Lavender is a surprisingly versatile dessert ingredient with a strong affinity to cream. It's a love-it-or-hate-it kind of herb, but the creaminess subdues its at-times overwhelming intensity. Hyssop has largely fallen out of Western culinary use, which is a shame given its long history dating back to ancient times. Fortunately it's increasingly common in gardens and at farmers' markets.
Though somewhat minty, it has a full-bodied, rounded flavor that makes mint look like toothpaste fodder by comparison. A whiff evokes wide-open meadows and bright summer days and tea sandwiches on the veranda.

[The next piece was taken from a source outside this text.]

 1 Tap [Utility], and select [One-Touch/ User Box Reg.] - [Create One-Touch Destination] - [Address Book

If you can score some fresh hyssop, by all means use it, but this herb takes well to drying and the dried leaves have plenty of flavor. Both it and lavender pair beautifully with the complex sweetness of honey, so using that as our sweetener was a no-brainer. Honey also makes for a velvet-smooth texture.

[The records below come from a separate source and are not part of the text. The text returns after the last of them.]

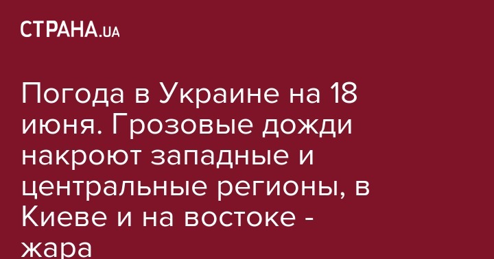 Погода в Украине на 18 июня. Грозовые дожди накроют западные и центральные регионы, в Киеве и на востоке - жара
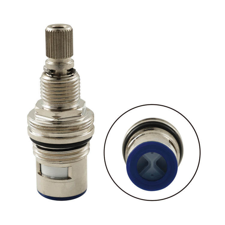 The ceramic disc cartridge is the heart of the faucet, controlling its temperature and water flow. Internally, two opposing discs made out of ceramic carbide rotate to control the flow of water. Because ceramic carbide is impervious to friction, it can last for many years before needing replacement.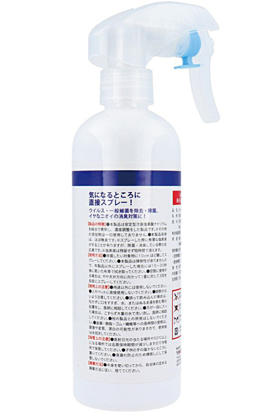 キッチンや玄関など、気になる場所を徹底衛生管理!シュッと一吹きするだけお手軽除菌&消臭♪自宅でも業務用としても使える匂いにくいプロ仕様の除菌スプレー300ml。ウイルスや細菌を綺麗に除去して嫌な臭いを元から断つ!医療や介護の現場などでの予防対策に◎安定型次亜塩素酸ナトリウムを純水で希釈しています。

Both herbs can become bitter if used too heavily or steeped for too long. While a bunch of mint leaves is best steeped for up to two hours, much smaller amounts of these herbs reach their optimum flavor after half an hour to forty five minutes. The process, however, is the same: bring your dairy to a bare simmer, stir in the herbs, kill the heat, and cover. Just be sure to strain them before tempering your eggs. With this technique in hand, there's very few ice cream flavors out of your reach.
Max Falkowitz is a proud native of Queens, New York, will do just about anything for a good cup of tea, and enjoys long walks down the aisles of Chinese groceries.
- 2 cups of cream
- 1 cup of whole milk
- 6 large egg yolks
- 3/4 cup of light honey
- 1 tablespoon of dried lavender flowers
- 2 tablespoons of dried hyssop
- Pinch of salt
Combine the cream, milk, and salt in a pot. Slowly bring to a simmer. Turn off the heat and stir in the herbs. Cover and let sit for half an hour to forty five minutes.

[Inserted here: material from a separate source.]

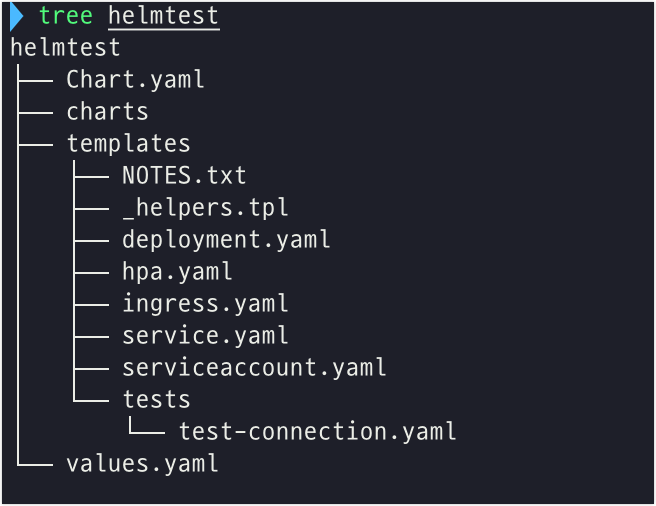 Chart는 k8s에서 구동하기 위한 Application을 구성하기 위한 모든 패키지 정보가 들어있고 기본적으로 YAML 파일의 형태를 따른다.

When the cream mixture tastes herby enough, whisk together the egg yolks and honey. Reheat the cream mixture again till just hot but not simmering. Pour in the cream mixture through a strainer, making sure none of the herbs remain in the liquid or the pot. Whisk everything to combine, then pour it all back into the pot.
Slowly bring the mixture to a simmer, stirring frequently to prevent curdling or sticking to the bottom of the pot. After a few minutes, when the custard starts to feel thick, dip in a spoon and run your finger along the back. When the custard holds the line you drew without dripping, it's done.
You can chill it and spin it in your ice cream machine, but custards' flavor and texture benefit greatly from an overnight rest. Freeze according to manufacturer's instructions.